TASK TO CARRY OUT –
Please copy, word for word, the line holding "Lange sluitertijd met" and each line that follows it through the end of the entries, omitting any pictures.

TASK INPUTS –
········

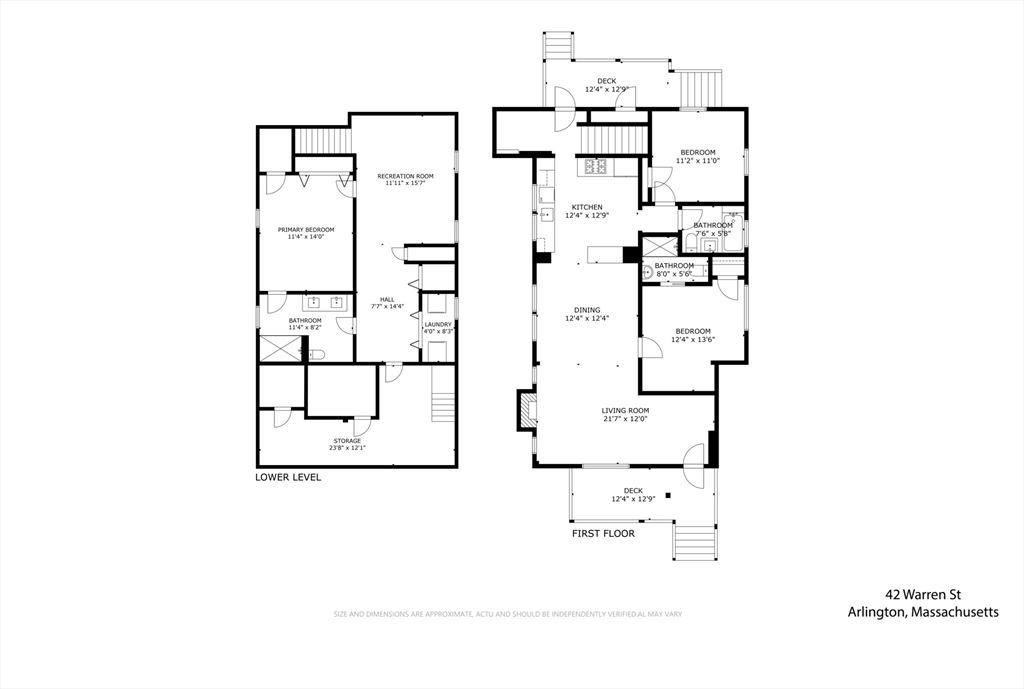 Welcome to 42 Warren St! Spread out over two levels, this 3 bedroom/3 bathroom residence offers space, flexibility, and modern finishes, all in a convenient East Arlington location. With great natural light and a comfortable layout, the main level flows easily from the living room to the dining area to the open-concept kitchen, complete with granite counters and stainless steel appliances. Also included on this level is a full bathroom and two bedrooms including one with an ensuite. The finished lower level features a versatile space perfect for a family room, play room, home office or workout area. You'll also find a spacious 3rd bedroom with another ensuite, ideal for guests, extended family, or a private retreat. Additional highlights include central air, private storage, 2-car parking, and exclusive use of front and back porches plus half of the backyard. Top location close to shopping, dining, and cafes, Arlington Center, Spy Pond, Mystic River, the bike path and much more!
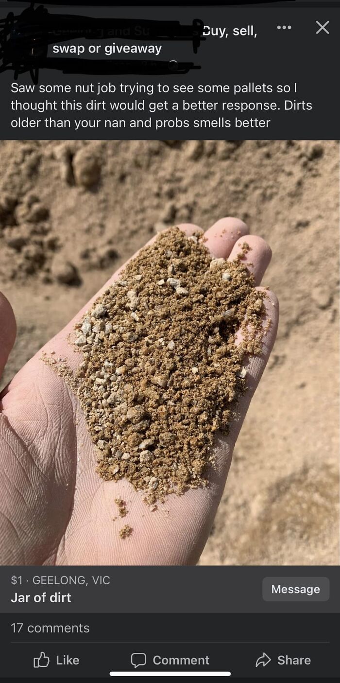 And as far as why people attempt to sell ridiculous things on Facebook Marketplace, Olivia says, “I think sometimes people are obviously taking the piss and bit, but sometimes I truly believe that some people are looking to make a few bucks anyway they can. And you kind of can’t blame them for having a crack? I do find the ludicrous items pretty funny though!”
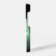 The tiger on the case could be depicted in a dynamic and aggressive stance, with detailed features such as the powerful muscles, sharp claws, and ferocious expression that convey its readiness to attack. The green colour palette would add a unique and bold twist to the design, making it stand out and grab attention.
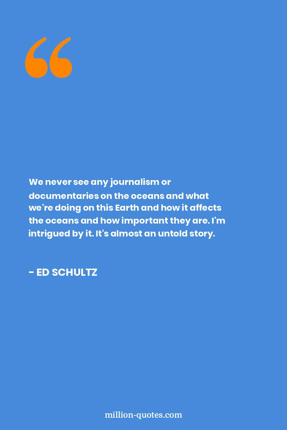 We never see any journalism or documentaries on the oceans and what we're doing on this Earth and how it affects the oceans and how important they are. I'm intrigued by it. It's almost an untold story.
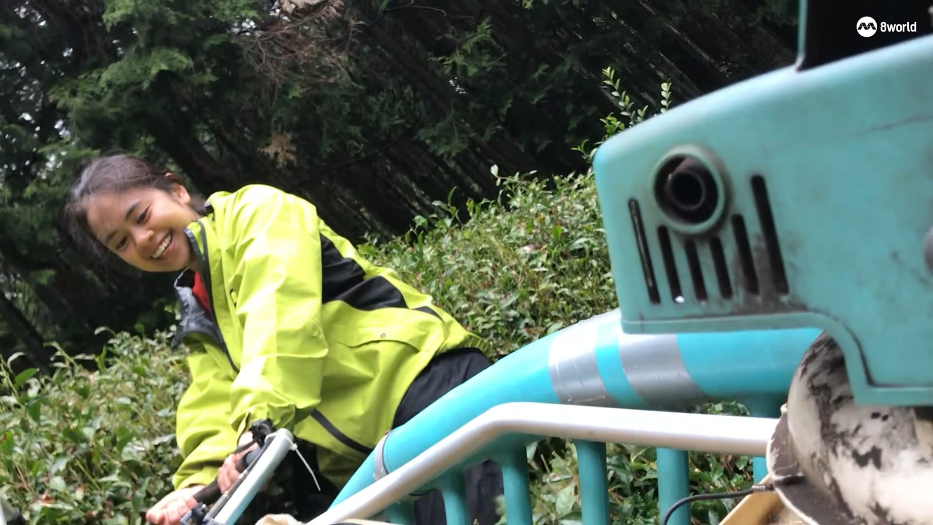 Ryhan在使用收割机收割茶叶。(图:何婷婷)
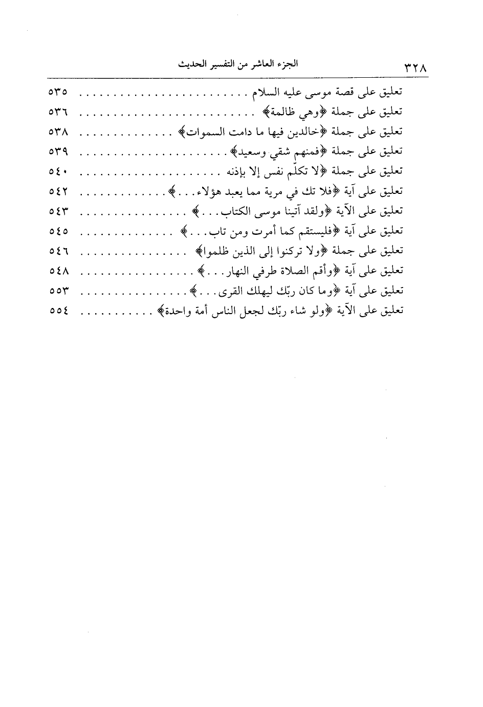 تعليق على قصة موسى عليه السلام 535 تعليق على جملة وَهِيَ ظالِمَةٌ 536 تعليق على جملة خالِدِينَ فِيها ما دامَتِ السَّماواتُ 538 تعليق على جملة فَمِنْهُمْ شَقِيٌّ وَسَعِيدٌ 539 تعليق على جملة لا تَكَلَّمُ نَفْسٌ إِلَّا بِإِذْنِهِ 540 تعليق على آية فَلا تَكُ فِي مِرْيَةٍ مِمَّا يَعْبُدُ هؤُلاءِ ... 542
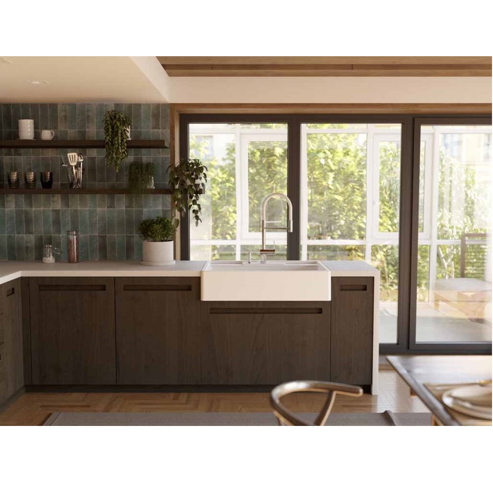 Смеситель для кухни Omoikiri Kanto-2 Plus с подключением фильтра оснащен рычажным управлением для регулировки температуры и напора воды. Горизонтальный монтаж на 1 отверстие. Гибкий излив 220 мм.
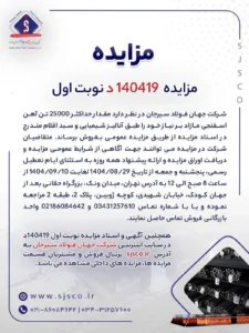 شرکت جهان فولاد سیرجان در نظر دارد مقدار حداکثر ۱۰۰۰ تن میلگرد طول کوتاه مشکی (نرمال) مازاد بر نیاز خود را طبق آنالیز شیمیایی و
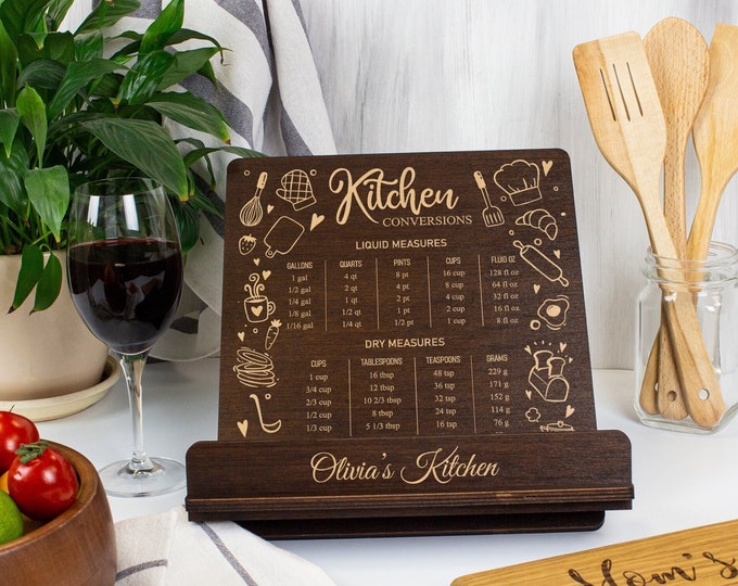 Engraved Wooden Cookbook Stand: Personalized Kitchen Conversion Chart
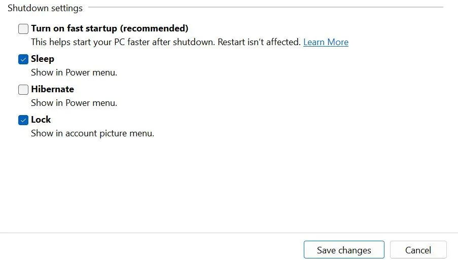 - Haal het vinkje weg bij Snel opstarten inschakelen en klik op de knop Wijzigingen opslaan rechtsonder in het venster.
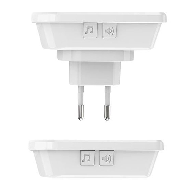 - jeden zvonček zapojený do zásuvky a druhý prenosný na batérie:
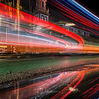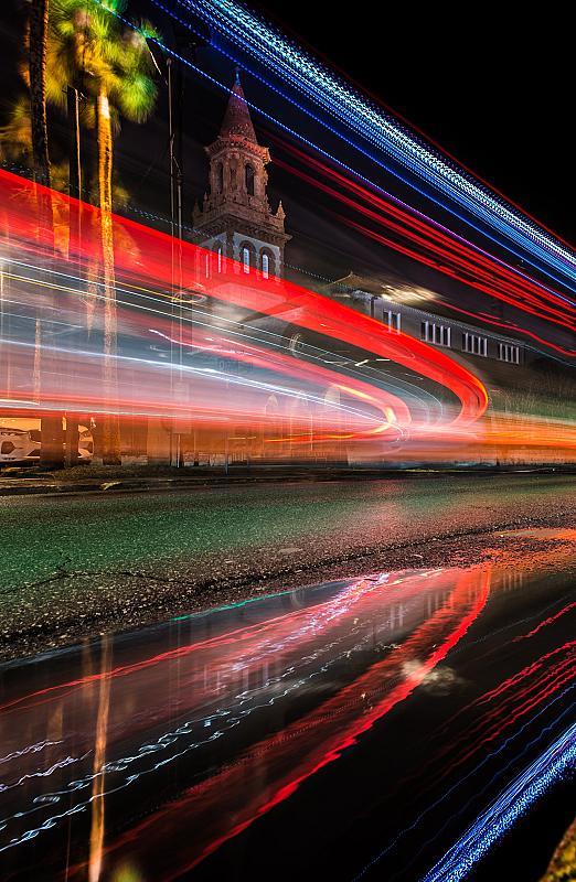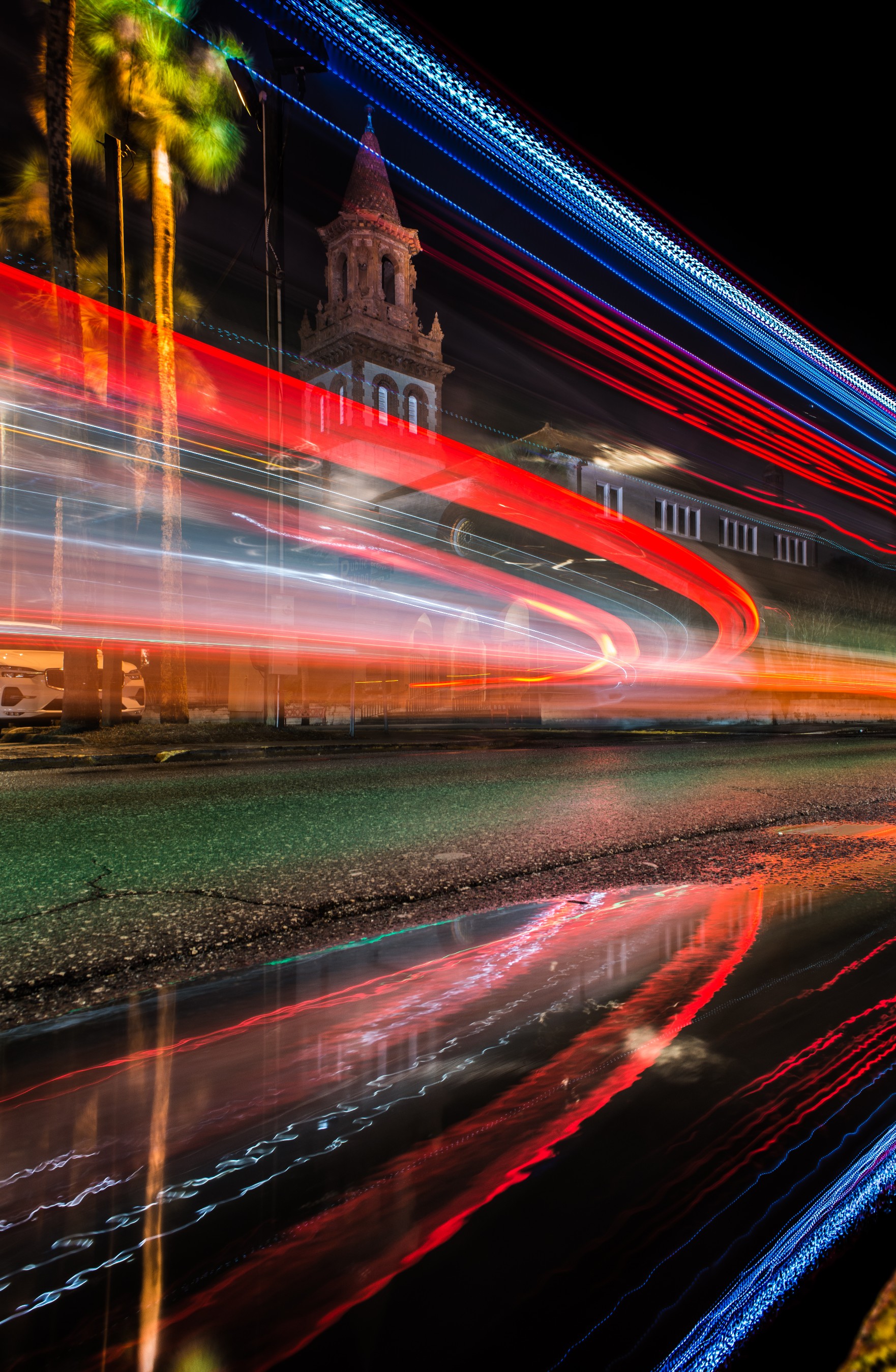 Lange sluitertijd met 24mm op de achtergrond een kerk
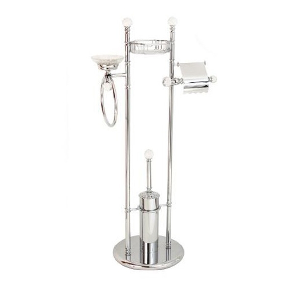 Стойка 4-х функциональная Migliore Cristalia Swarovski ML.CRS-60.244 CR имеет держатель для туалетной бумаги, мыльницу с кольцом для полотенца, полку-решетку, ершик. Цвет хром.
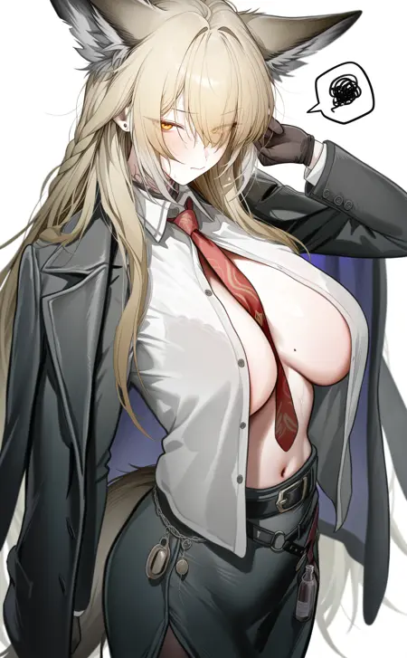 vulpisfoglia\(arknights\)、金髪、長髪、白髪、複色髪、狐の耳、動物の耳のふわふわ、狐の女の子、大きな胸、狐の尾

········

WRITTEN RESPONSE –
 Lange sluitertijd met 24mm op de achtergrond een kerk
 Стойка 4-х функциональная Migliore Cristalia Swarovski ML.CRS-60.244 CR имеет держатель для туалетной бумаги, мыльницу с кольцом для полотенца, полку-решетку, ершик. Цвет хром.
 vulpisfoglia\(arknights\)、金髪、長髪、白髪、複色髪、狐の耳、動物の耳のふわふわ、狐の女の子、大きな胸、狐の尾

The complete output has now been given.